W starts history’s first ‘Wubble’ post-season

Courtesy of Twitter Lynx assistant coach and former teammate Rebekkah Brunson handing the game ball to Sylvia Fowles after she surpassed Brunson and became the league’s all time rebounder.

As of this edition, it’s been 187 days since Breonna Taylor was shot and killed by police in her own apartment, and no one yet has been arrested. This has been the WNBA players’ season-long focus as they advocate for systemic change in this country.

The first “Wubble” post-season in WNBA history begins this week in Florida. Minnesota finished fourth and is scheduled to play Thursday (opponent TBD) in one of two second-round elimination games.
Rather than the typical playoff preview that might be found in PWM (primarily White media run by White males), we instead look back at some of the accomplishments of the Wubble summer of 2020:
The Lynx’s Sylvia Fowles, before she got hurt and missed 13 games with a calf injury, became the league’s all-time rebounder.

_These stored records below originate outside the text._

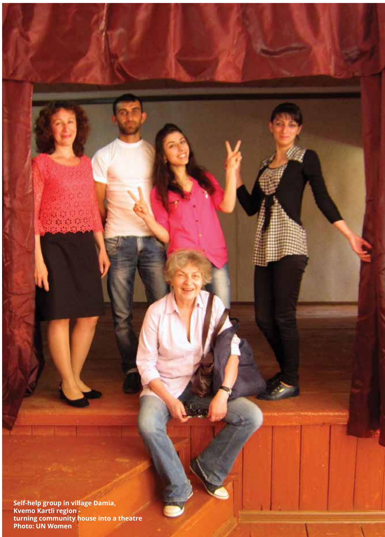
Self-help group in village Damia, Kvemo Kartli region - turning community house into a theatre
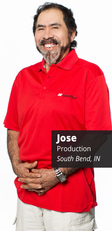
Jose Production South Bend, IN

Net Promoter Score - a proven method companies worldwide use to measure & improve loyalty. Across industries, a 69 out of 100 is considered exceptional.
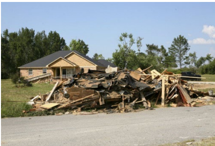
Figure 5. Image of debris staged on the side of the road.

Management of storm-related debris (e.g., removal, staging, storage, sorting, and
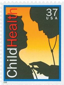
This stamp was issued for children's health awareness.

Early in his career, Thomas struggled to find work and needed to support his young family. He made a plea to St. Jude, the patron saint of the hopeless: "Show me my way in life, and I will build you a shrine." Within a year, he was a successful nightclub entertainer in Chicago.
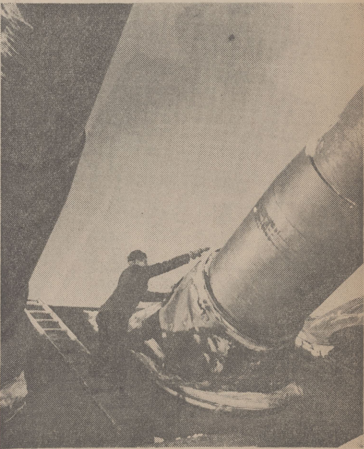
A sailor removing the ice from the "bloomers," or protecting canvas covers, on the barrel of a 16-inch gun.
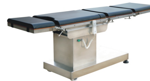
HEIGHT ADJUSTMENT 66 TO 100cm
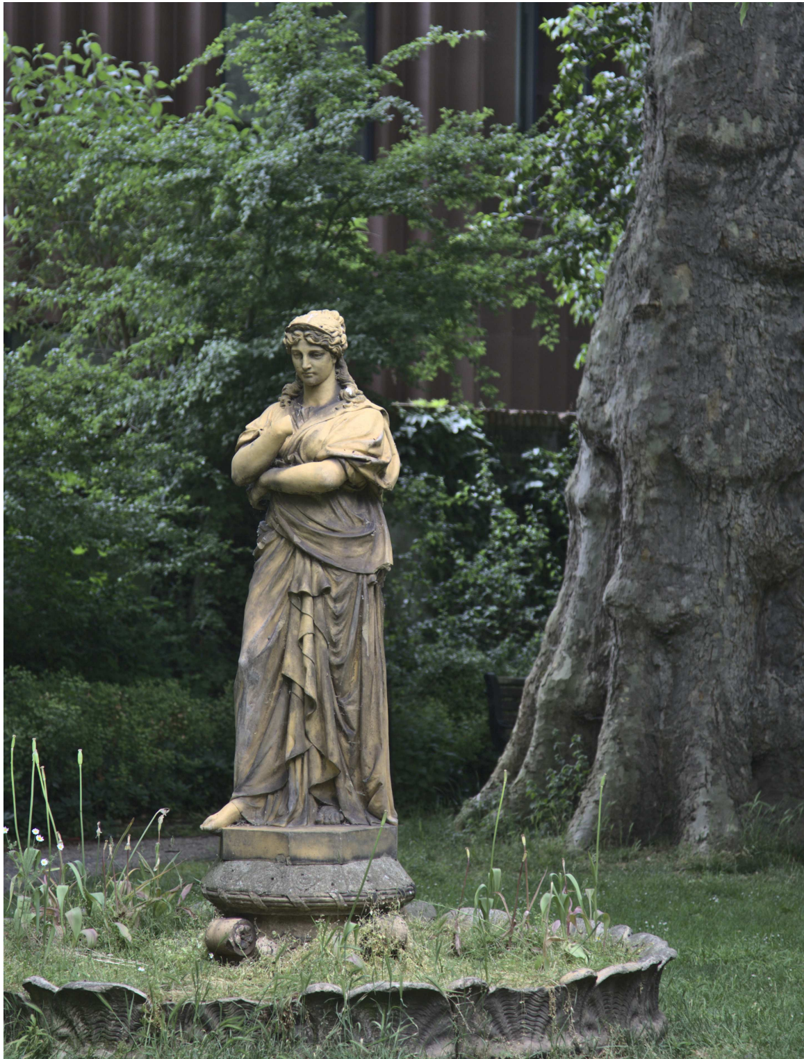
F47B4954 - Euterpe - St. George's Gardens.
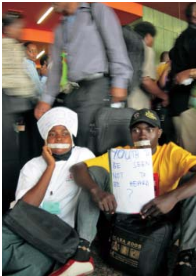
Young African AIDS activists, their mouths taped with bandages, protest in the main hall of the 14th International Conference on AIDS and Sexually Transmitted Infections in Africa (ICASA) in Abuja. The youths believe their input into discussions of the AIDS crisis is being ignored. The media has an important role in ensuring the voices and opinions of youth, women and people living with HIV and AIDS are heard loud and clear in media reports on HIV/AIDS. – December, 2005.

Christopher Warren President International Federation of Journalists
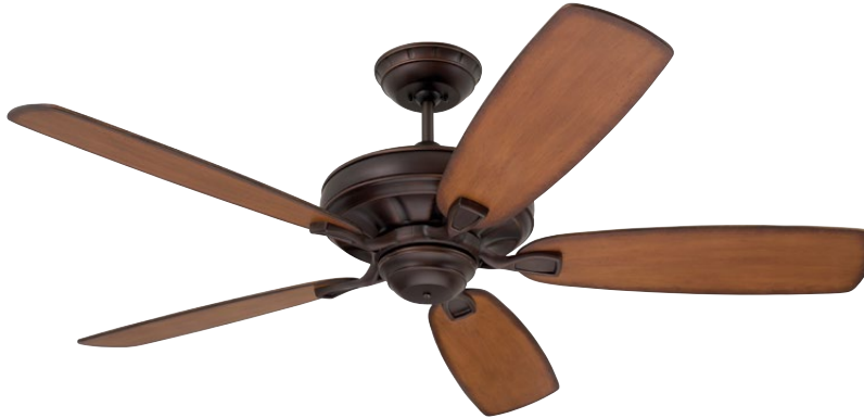
C. Shown in Venetian Bronze with 22" Honey Oak Blades (G54HO)
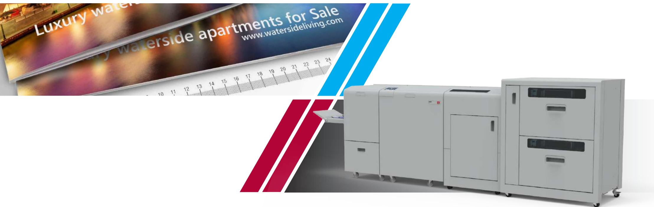
BM4035/BM4050 Series with VFX feeder
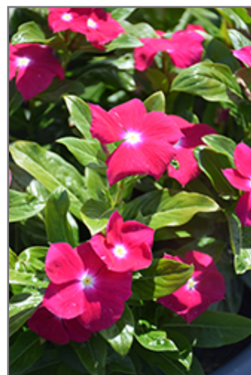
Cora XDR Cranberry flowers

Cora XDR Cranberry is recommended for the following landscape applications;
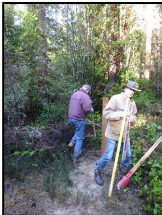
Set and Level the post
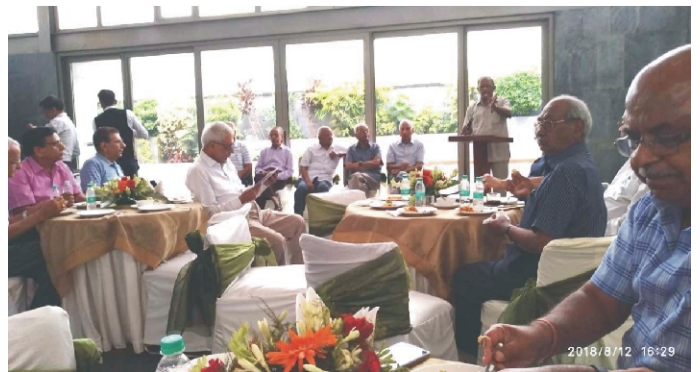
Gathering of members at Meerut Local Chapter
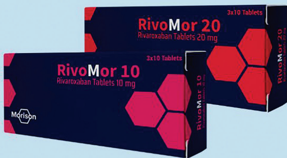
Rivaroxaban 10 mg & 20 mg

Former teammate Seimone Augustus, now with Los Angeles, became the 10th player in W history to score 6,000 points. The 14-year veteran earlier this season told the MSR, when asked about her legacy that includes four championships, “I just put the body of work together whether it’s on the court or off the court. I think everyone else [who] decides your legacy is based on their idea or whatever.”

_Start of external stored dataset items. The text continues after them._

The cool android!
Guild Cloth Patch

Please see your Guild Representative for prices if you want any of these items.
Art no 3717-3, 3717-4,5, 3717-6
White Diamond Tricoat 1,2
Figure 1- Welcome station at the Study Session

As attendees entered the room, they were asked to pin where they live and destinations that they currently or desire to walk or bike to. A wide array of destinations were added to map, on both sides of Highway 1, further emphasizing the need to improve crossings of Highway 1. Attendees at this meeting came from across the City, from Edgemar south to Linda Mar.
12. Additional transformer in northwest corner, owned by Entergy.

The New York Liberty only won two games this season as one of the WNBA’s youngest clubs. Former Gopher and Liberty center Amanda Zahui B had a career year in 2020, setting career highs in points, rebounds, assists, made threes—first among centers and forwards in threes—and three-point shooting percentage. She finished third in rebounds and set a single-game defensive rebound record (21) this year as well.

It was a trying season for the 6’-5” veteran, who also worried about her parents, separated due to the virus but later reunited. “My parents are doing well,” said Zahui B to the MSR during a Zoom conference last week.

. Rachel Banham

“I’m going home [to Sweden] and spend some time with my family” after the season, she added. “Then I’m going to Russia [for her off-season play] hopefully, but it is still up in the air because of COVID.”
Her former Gopher teammate, Lynx guard Rachel Banham, last Saturday had her best night as a pro with a 29-point effort in a win over Indiana, her first start in two years and first in a Minnesota uniform. “I knew I was feeling pretty good after I hit those first two threes,” she told reporters including the MSR after the game. She hit 7 of 8 three-pointers that tied a franchise record for threes made in a game.
Banham also broke Maya Moore’s single-season club record for three-point accuracy (.453 in 2013) with a .472 mark (25-for-53) this season.

We earlier asked Minnesota Coach Cheryl Reeve if Banham seemed more comfortable playing her last five games. “Her ability to space the floor, making shots or not, gives us the space we need,” Reeve said. “Her passing is one reason we feel we need to have her on the floor. Rachel has been someone we’ve kind of given a bigger role off the bench.”

“I love passing the ball,” said Banham, a skill oft-overlooked due to her scoring prowess. She had a career-high 10 assists against Indiana. “I’ve figured out where I fit. My family told me to be aggressive. I tried to stay in that mind-set lately.”

Minnesota, supposedly in rebuilding mode, overcame injuries to key players and a late-season swoon to finish fourth. Last Saturday’s win was the Lynx’s 232 victory since 2011, breaking its own WNBA record for most wins in a 10-year span (231).